Baynard Rustin says groups in the South were not ready to form coalitions to usher in radical change in society – economic and social change. He equates “radical” with “moral.” He clarifies that what we need even today is radical thinking and radical action to work for radical change. “Radical” means going to the root or origin. It also means to be extreme, particularly with regard to ushering drastic political, economic and social changes in the society. Hence, according to Prout World Editor Trond Overland, it means finishing the roots of oppression and exploitation. Prabhat Ranjan Sarkar said that Lenin and Mao were intellectual moralists; however, they shifted to militant immorality when they realized that communism had failed completely.
Radical change cannot be carried out alone. We know that millions of people, black and white, were engaged in the civil rights movement on the local, regional and national levels. We need to form coalitions. We need to think beyond meeting our individual economic needs and move towards thinking for the collective welfare.
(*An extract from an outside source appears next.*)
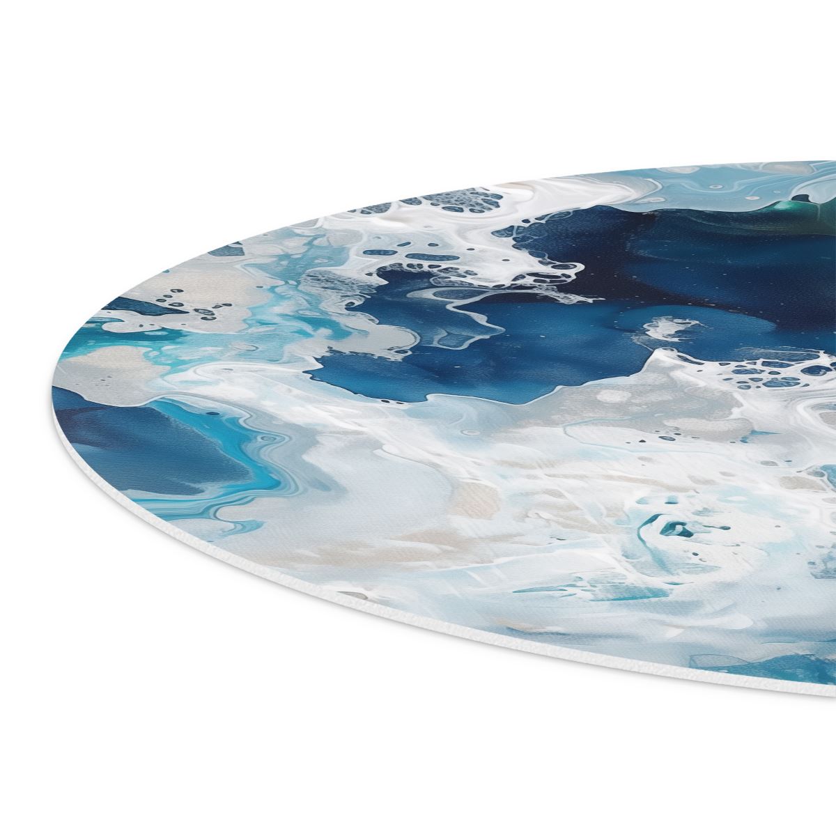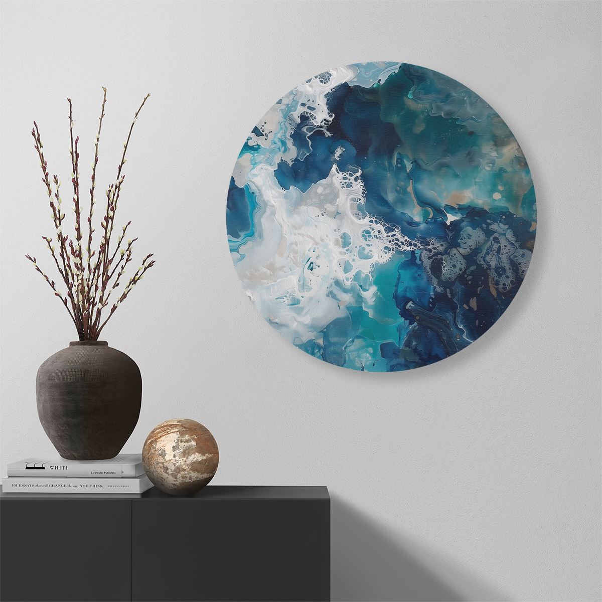 Wandcirkel Blauw en Wit Kunstwerk op een Witte Achtergrond

The Reverend Martin Luther King was one of the greatest orators ever seen in the United States. His powerful words inspired millions of ordinary people. But in the final analysis, it was those ordinary people who carried out the revolution. It was ordinary people who went to the corner restaurant and sat on a chair reserved for whites. It was people like Rosa Parks who just sat down on the bus, feeling tired and angry at racist oppression via having to stand after a long day’s work. It was those millions of ordinary people who changed the nation and brought it one step further in the march towards perfection. In the words of Neohumanist, Prabhat Ranjan Sarkar:
“The collective body of those who are engaged in the concerted effort to bridge the gap between the first expression of morality and establishment in universal humanism is called society.” If morality is the starting-point of the journey of society, then those who are at its helm must be moralists. And since society aims to establish universalism, those people must be universalists. And if the gap between morality and universal humanism is to be bridged, spiritual praxis is a must… Their philosophy of life must be, “Morality is the base, spiritual praxis is the means, and life divine is the goal.”